## Given information
↓↓↓

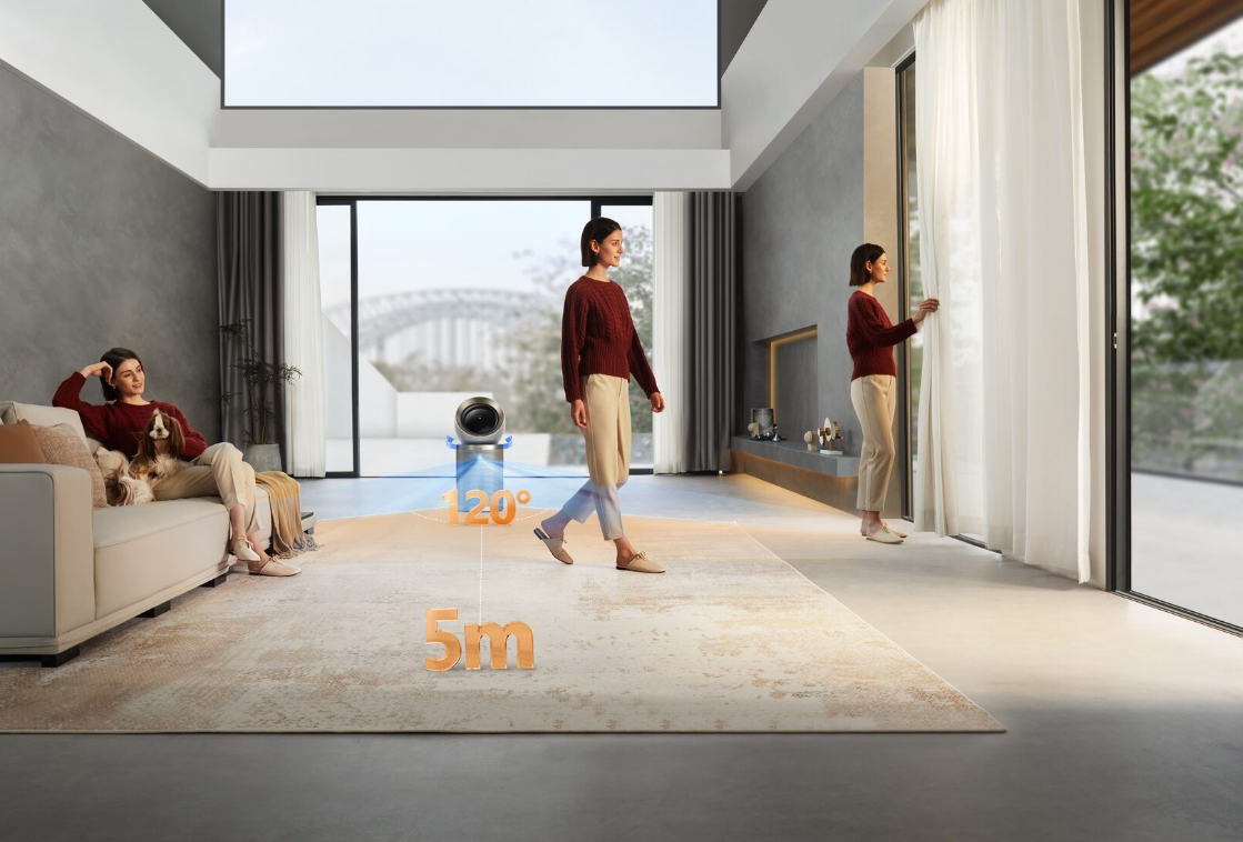 При наличии одного человека в помещении воздушный поток будет следовать за ним. В присутствии нескольких людей воздушный поток будет попеременно менять направление, обеспечивая равномерный охват.
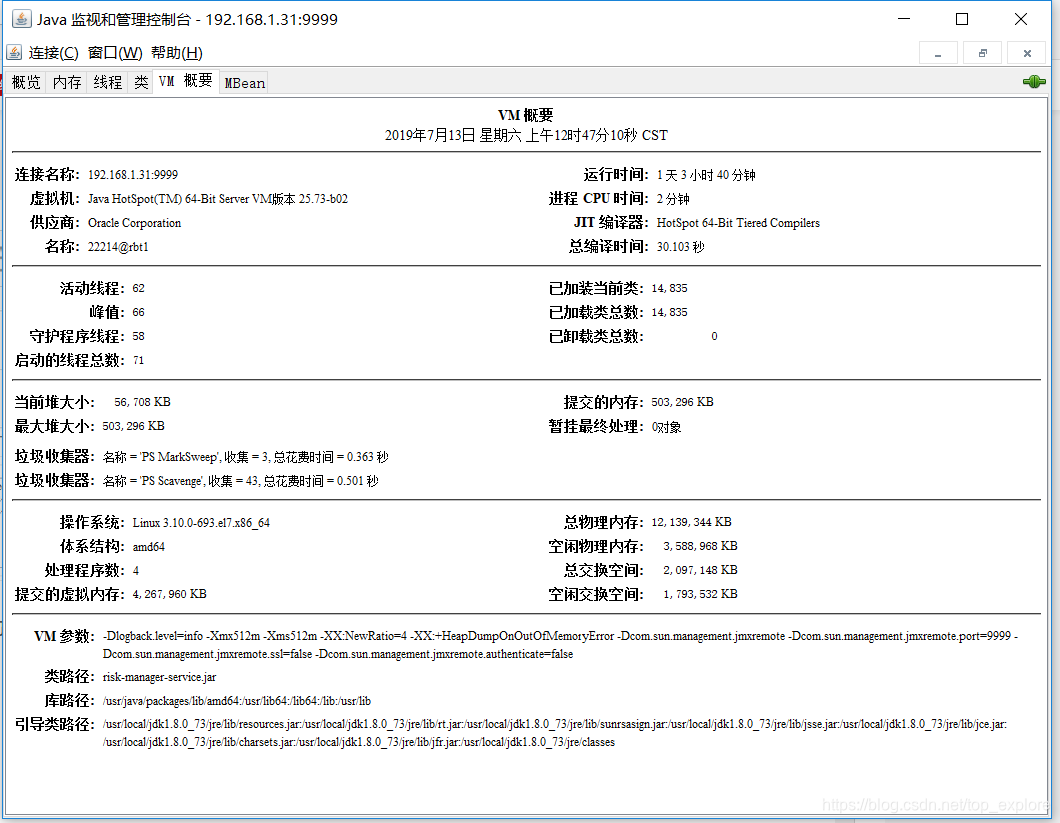 本地进程会在列表里展示,只需要双击便能进入,远程进程需要在远程开启jmx端口,有口令的话输入口令,进入一个进程以后的样子就是这个样子:
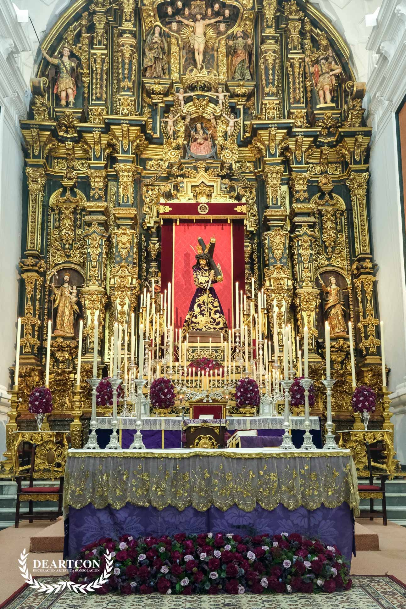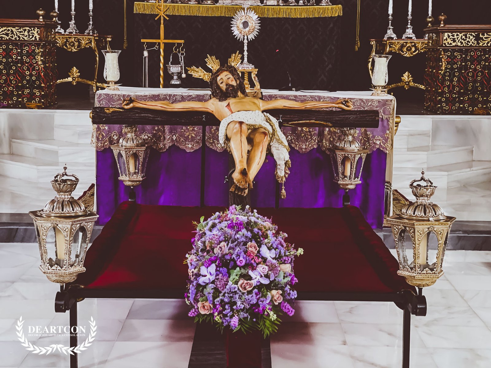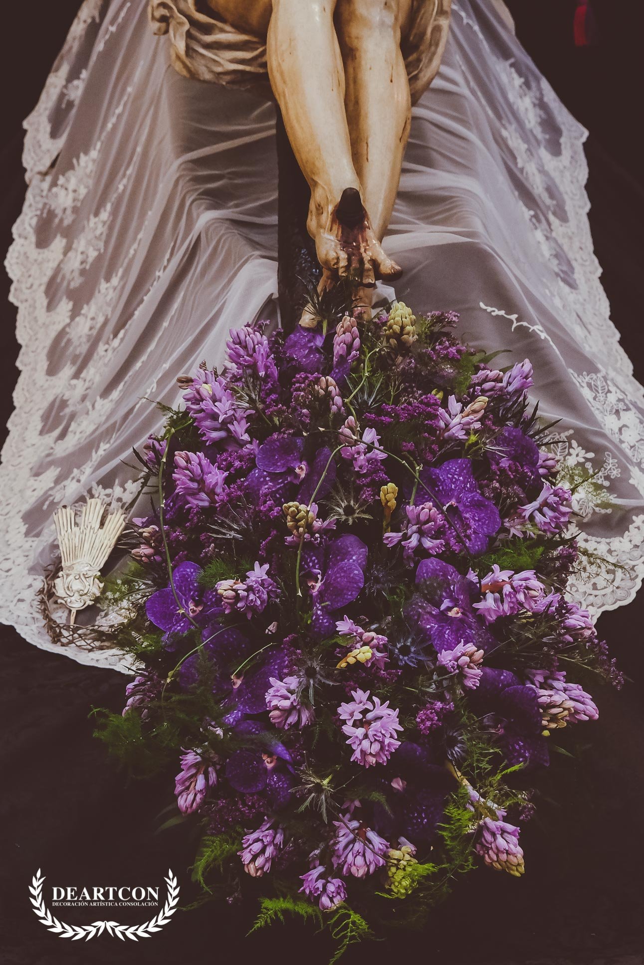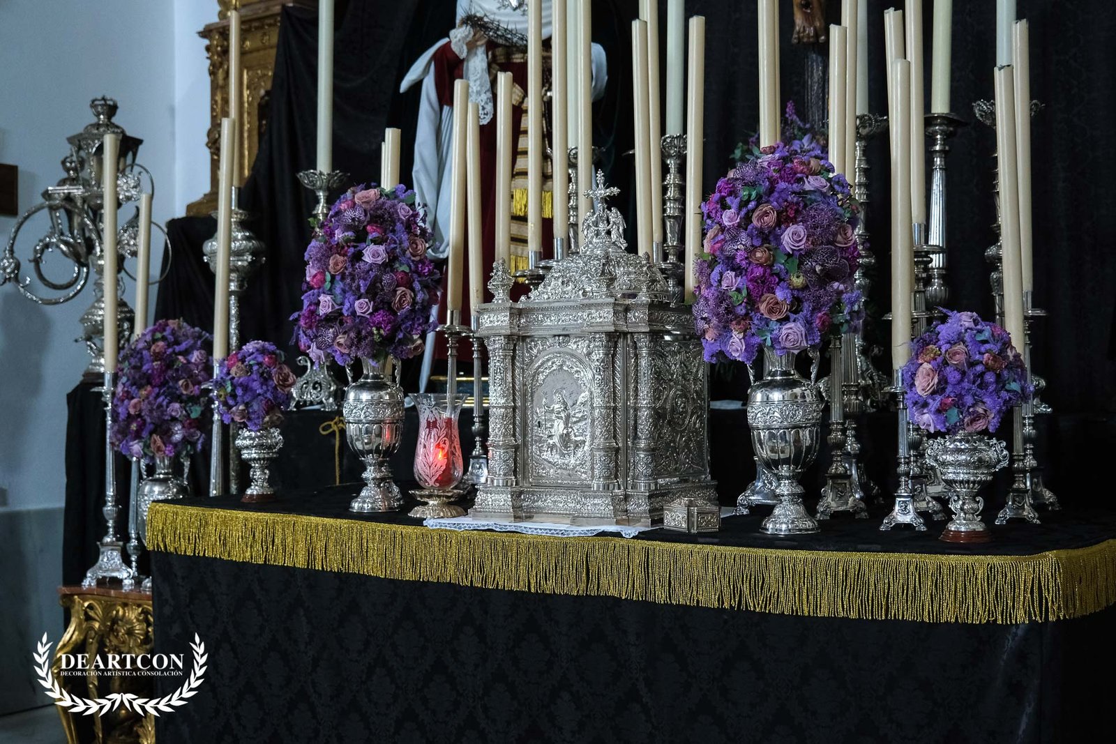 En la segunda semana para la Hermandad de la Vera Cruz, corporación a la que nos une desde hace años un cariño muy especial, arreglábamos sus cultos cuaresmales con una gran variedad de flor morada en sus distintas tonalidades.

↑↑↑

## Problem requirements
In your answer, give every line of the listing above exactly, and do not include the images.

## Response area
 При наличии одного человека в помещении воздушный поток будет следовать за ним. В присутствии нескольких людей воздушный поток будет попеременно менять направление, обеспечивая равномерный охват.
 本地进程会在列表里展示,只需要双击便能进入,远程进程需要在远程开启jmx端口,有口令的话输入口令,进入一个进程以后的样子就是这个样子:
 En la segunda semana para la Hermandad de la Vera Cruz, corporación a la que nos une desde hace años un cariño muy especial, arreglábamos sus cultos cuaresmales con una gran variedad de flor morada en sus distintas tonalidades.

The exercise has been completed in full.